Clearly, Seuss did struggle with racism, as did many people of his time.
https://news.artnet.com/app/news-upload/2015/05/dr-seuss-detail.jpg
DaveGinOly: Surely, this taints all of his work.
The vast majority of people, even among the “woke,” are fine with The Cat in the Hat. That you reduce reasonable discussion of problematic books with the most radical opinions is on you.
I agree with Dave, they are attacking the author.
If you are trying to suggest that Dr. Seuss is racist, you know it’s baloney, Seuss was an anti-racist, and an anti-fascist. Although we might find the drawing in question abhorrent, you have to keep in mind that it’s a cartoon drawn in the 1930’s, and that was in keeping with the visual consensus of the time by which I don’t mean the Nazis. You should check out Anita Baker. She danced in a golden banana skirt, and various Asian “faces”, all in the name of anti-racism, and anti-fascism. Again, we know that Seuss is an anti-racist because all of his work speaks to it. The drawing above is just something that he didn’t think twice about.
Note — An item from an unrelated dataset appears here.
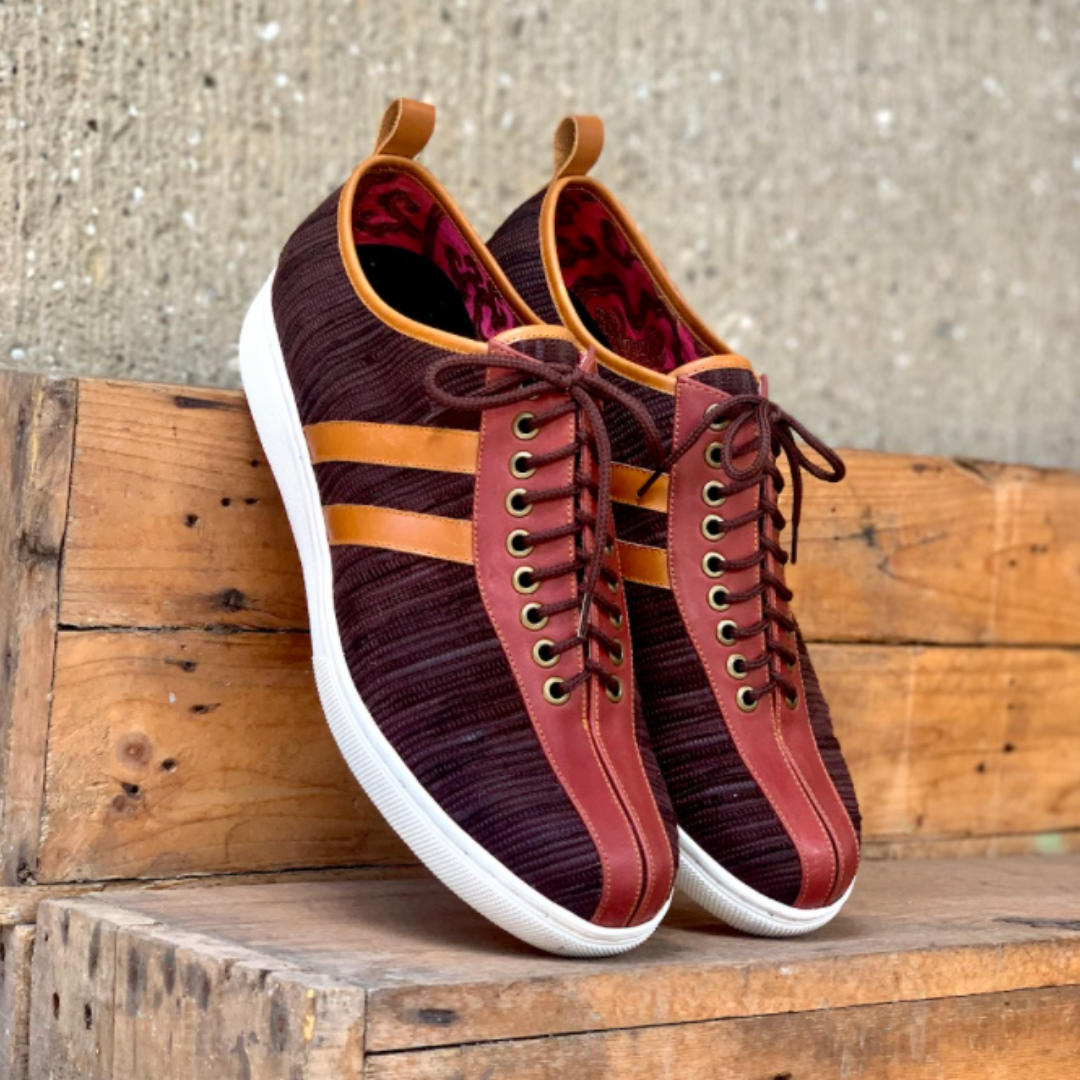 Made together with Interlace Textiles of Cebu, this hand-crafted set features their creative application of abaca fibers weaved with strips of leather and completed with durable genuine leather soles.

Katya, you ask too much of the Zachs. They cannot handle anything beyond knee-jerk reactions to perceived RAAACISM. Asking the Zachs to think about an historical moment, to consider it any light other than current CRT is impossible. These Zach trolls are stupid people who trot out stupid, myopic thoughts. You know this. 😛
Katya Rapoport Sedgwick: If you are trying to suggest that Dr. Seuss is racist, you know it’s baloney
We know that Seuss made blatantly racist cartoons.
https://news.artnet.com/app/news-upload/2015/05/dr-seuss-detail.jpg
We also know that Seuss grew in his understanding over time.